10 comments on “India: corruption scandals reveal a gaping hole in society

  1. Diane Wilson says:

    Sounds like the Clintons.

    • Mohammed Cohen says:

      In comparison to India’s corruption, Clintons are just enrolling for the kindergarten classes! British colonist aka British Raj systematically induced with social engineering planning the seed of corruption in each and every segment of Indian society and played with it for almost 200 years during their occupation. After loosing India to Indians, compliments of Mr. Gandhi, Britishers made sure that the debilitating and cancerous structure of corruption is is highly developed and has become part of India’s DNA. Ever since the liberation from the genocidal clutches of the British criminals, India has achieved the level of corruption to a point where today’s Britishers are learning few things from India. The corruption is ingrained in India’s psyche that if one does not participate in this cancerous disease, chances of success in any area of interests would definitely face a guaranteed failure! Regardless how high or low one gets to do business in India, without corruption it is impossible to move one inch for any business in India. But now India has met its match by joining the trade, commerce and the national defense of India with world’s leader of deception… Israel. Since their eloping in last 20 odd years which has now bearing its fruits in today’s India with a high speed forward which is openly displayed to the world. Gaping holes in India’s diverse society have become a routine and no one seems to care about the open corruption. If India does not come to its senses, soon there will be many smaller “Wet Banks” appearing in India. Keep a good tab on Israeli activities in India to see it grow like the wandering jew… as we call the vine in South Africa that takes over and destroy its host by suffocating it from outside in!

  2. Old Hickory says:

    Hi Jon! Thanks for the reminder! I needed it!

    A name which comes to mind is Ellis Medavoy!

  3. Jennifer says:

    My thoughts exactly, Diane Wilson!

    Yes, the individual is the key, but we would say an even greater key is the individual who asks for God’s guidance and who listens. That’s our conscience, of course.

    When we were living in a housing complex our son played with the many children and he found them to be bullies, liars, and cheats, and oftentimes mean-spirited. After a problem we went to speak to the children and talked about the Ten Commandments. Not one child had heard of this, of these rules. It about blew me away. How can we ever hope to have decent societies without adherence to laws to guide us.
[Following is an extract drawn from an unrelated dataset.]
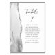 Le bord gauche de cette élégante carte de numéro de table mariage moderne comporte une bordure en aquarelle gris et blanc, ornée d'une parties scintillant en faux argent. Le mot "table" apparaît dans le script d'écriture manuscrite gris charbon sur un arrière - plan blanc. Ajoutez les noms de vos invités qui sont affectés à chaque table.
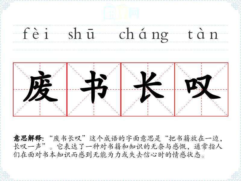 “废书长叹”这个成语的字面意思是“把书籍放在一边,长叹一声”。它表达了一种对书籍和知识的无奈与感慨,通常指人们在面对书本知识而感到无能为力或失去信心时的情感状态。

However, too many laws as we have today is so very wrong.

    • When they methodically took prayer out of the schools, took the Ten Commandments out of all Government buildings, the mention of Merry Christmas banned from many businesses and Hosp., Schools can no longer have Christmas productions… the country started down hill.
      It’s been plummeting toward the bedlam we are seeing now for decades.
      If we all are not speaking out, I don’t know how we can just stand by wringing our hands.
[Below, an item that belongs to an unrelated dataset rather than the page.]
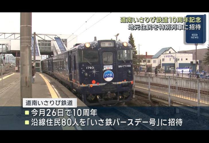 @domin_inn北海道の道南いさりび鉄道が開業10周年 特別列車「いさ鉄バースデー号」運行 地元小中学生が吹奏楽で祝福 htb.co.jp/news/archives_…

  4. Oliver K. Manuel says:

    I love and endorse the opening quote. I too have an abiding faith that society will recover, in part because I have experienced recovery in my own life. My wife and I plan to go to Nepal in August to share the story of recovery and hope at a conference on science and spirituality. I will try to find and post a link to the Conference.

  5. LMP says:

    An advanced reminder of what I was first awakened to in my early 20’s by a self-help book of all things. I had never before heard about the individual’s power to act when confronted in the most desperate of circumstances and oppression. I think about it when frustrated or tempted to complain: “What can I myself do right now?!”

  6. MA in MO says:

    Interesting. Very interesting. Over the course of the last few years there are have been many scientist, I think they all specialized in microbiology but not sure, that have mysteriously died. Yes there is an evil among us that is making things happen. We are truly living in the last days. May the Lord have mercy.

  7. CPP says:

    I once heard a comedian say how, in India, bribery is so routine that if you go to bribe a cop he’ll ask if you want change.